La primera jornada que volví a trabajar en el turno de día convencional fue tan improductiva como cabía esperar. Me presenté en comisaría con unas ojeras considerables y, con la ayuda del café, conseguí que mi reloj interno se adaptara un poco al cambio de horario. En la pausa para el almuerzo, acudí a Servicios Sociales a informar de la situación de riesgo en que se hallaban los hermanos Hennessy, menores de edad. Al principio, me sentí como si estuviera traicionando a Marlinchen, pero enseguida superé la sensación. Para eso estaba el sistema, para ayudar a personas como ella, y mi informe formaba parte de esa ayuda.
El trabajo más importante del día fue un robo. Acudí a la llamada e interrogué a los testigos. Los detalles me resultaron familiares: dos chicos blancos con medias de nailon en la cara que habían atracado una tienda a punta de pistola. El modus operandi era bastante similar al del caso que había investigado la semana anterior. «Nos encantan las pautas repetitivas -dije imaginariamente a dos atracadores anónimos mientras archivaba las dos denuncias en la misma carpeta-. Seguid adelante, no cambiéis. Algún día nos encontraremos.»Sonó el teléfono y lo cogí, sin dejar de pensar en los jóvenes ladrones.
– ¿Señora Pribek? -Era obvio que la voz me llegaba a través de una conferencia de larga distancia-. Soy Pete Benjamín.
– Señor Benjamin -dije. Era el amigo de Hugh Hennessy que había acogido a Aidan-. Gracias por devolverme la llamada.
– Ya he hablado con las autoridades, señora Pribek -contó Benjamin-. Me encantará explicarle lo que le dije al señor Fredericks. Aidan no ha desaparecido. Se marchó por voluntad propia, lo cual es triste pero no insólito. Es larga la lista de muchachos que se fugan cuando se hartan del estilo de vida que les brinda el campo, y Aidan, a diferencia de muchos chicos, ni siquiera tiene vínculos familiares que lo aten a este lugar.

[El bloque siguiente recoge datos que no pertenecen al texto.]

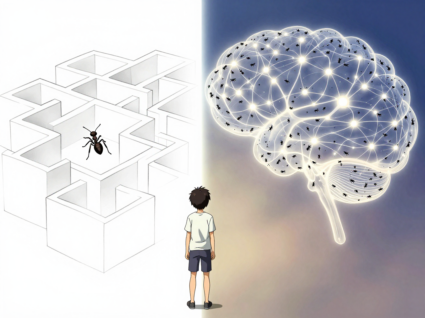 不是“搞不定”,是“不适合用还原论去搞”。你想过没有,为什么一只蚂蚁拿出来看,笨得可怜,就知道分泌点信息素,但一群蚂蚁凑在一起,就能建出宫殿一样的蚁穴?有防洪通道,有育婴室,有储藏室,甚至还给蚁后留了逃生通道。谁指挥的?

Al ver que no continuaba hablando, le pregunté:
– Pero, ¿qué piensa que lo impulsó a marchar, concretamente?
– Bueno, como ya le he dicho, a los jóvenes, la vida de campo no los satisface.
– Aparte de eso, quiero decir -insistí.
– No comprendo por qué tiene que haber algo más -murmuró tras unos instantes de silencio.
– Se lo plantearé de otra manera: ¿había hablado usted con Aidan de los temas que le preocupaban?
– Aidan y yo hablábamos cada día -contestó Benjamin.
Dejé que el silencio pusiera de relieve el carácter evasivo de su respuesta.
– Yo no era su padre, pero si el chico hubiese tenido algún problema, creo que lo habría sabido -añadió Benjamin.
– Si me permite la pregunta -proseguí-, ¿por qué accedió a hacerse cargo del hijo mayor de Hugh Hennessy? Es una gran responsabilidad, incluso para un amigo de la familia.
– Bueno -dijo Benjamin-, Hugh y yo somos amigos desde hace mucho tiempo. Nuestras familias se conocían y crecimos juntos en el mismo barrio de Atlanta. -Hizo una pausa-. Siempre he sido muy aficionado a la literatura, de manera que, aparte de ser un amigo de la infancia, también podría decirse que soy un admirador de su obra.
– ¿Visitaba con frecuencia la casa de Hugh? ¿Era usted para Aidan una figura familiar?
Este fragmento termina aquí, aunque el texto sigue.